■ What the task asks: When you reach the line that holds "Braun Multiquick5 Pro", start copying exactly and keep going through the final line of the data, leaving out pictures.

■ Supplied material:

####################

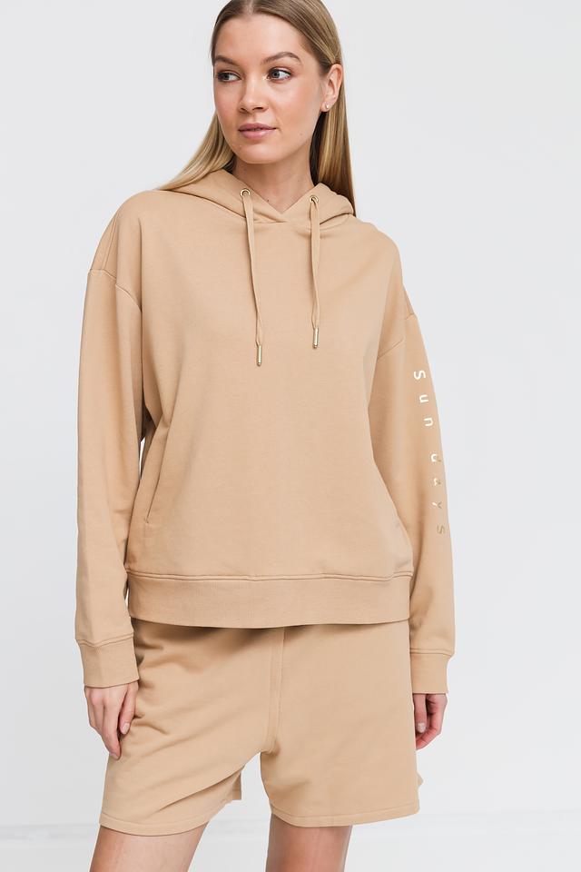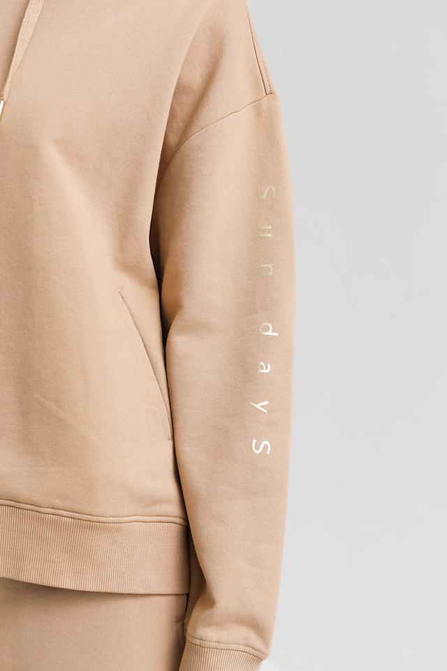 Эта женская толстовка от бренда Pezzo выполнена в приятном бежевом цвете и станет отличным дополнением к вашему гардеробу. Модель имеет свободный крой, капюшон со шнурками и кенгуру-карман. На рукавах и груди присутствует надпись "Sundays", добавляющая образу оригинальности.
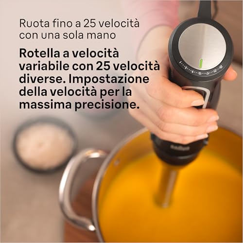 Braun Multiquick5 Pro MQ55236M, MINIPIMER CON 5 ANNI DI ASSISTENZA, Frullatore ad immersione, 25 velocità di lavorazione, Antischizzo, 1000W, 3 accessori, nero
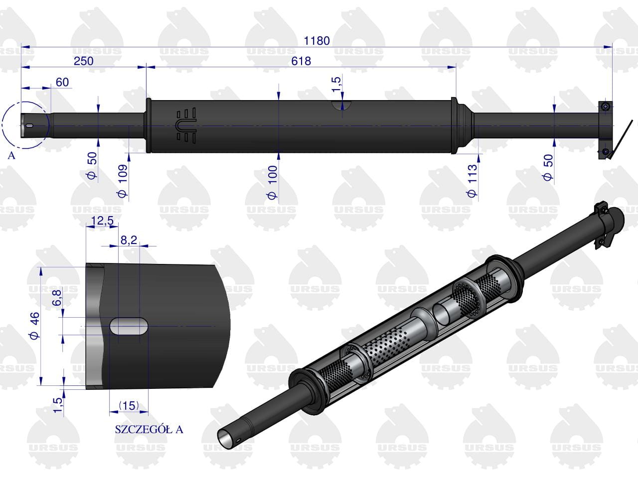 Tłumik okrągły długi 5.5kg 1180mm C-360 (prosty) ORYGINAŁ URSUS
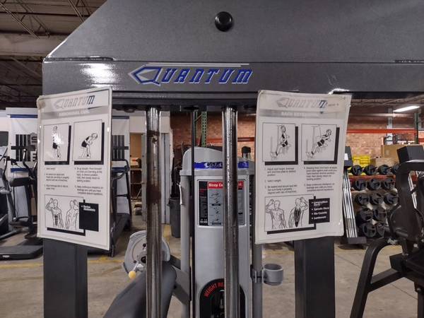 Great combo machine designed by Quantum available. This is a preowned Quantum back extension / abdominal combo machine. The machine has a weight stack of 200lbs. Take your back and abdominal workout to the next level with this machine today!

####################

■ Solution:
 Braun Multiquick5 Pro MQ55236M, MINIPIMER CON 5 ANNI DI ASSISTENZA, Frullatore ad immersione, 25 velocità di lavorazione, Antischizzo, 1000W, 3 accessori, nero
 Tłumik okrągły długi 5.5kg 1180mm C-360 (prosty) ORYGINAŁ URSUS
 Great combo machine designed by Quantum available. This is a preowned Quantum back extension / abdominal combo machine. The machine has a weight stack of 200lbs. Take your back and abdominal workout to the next level with this machine today!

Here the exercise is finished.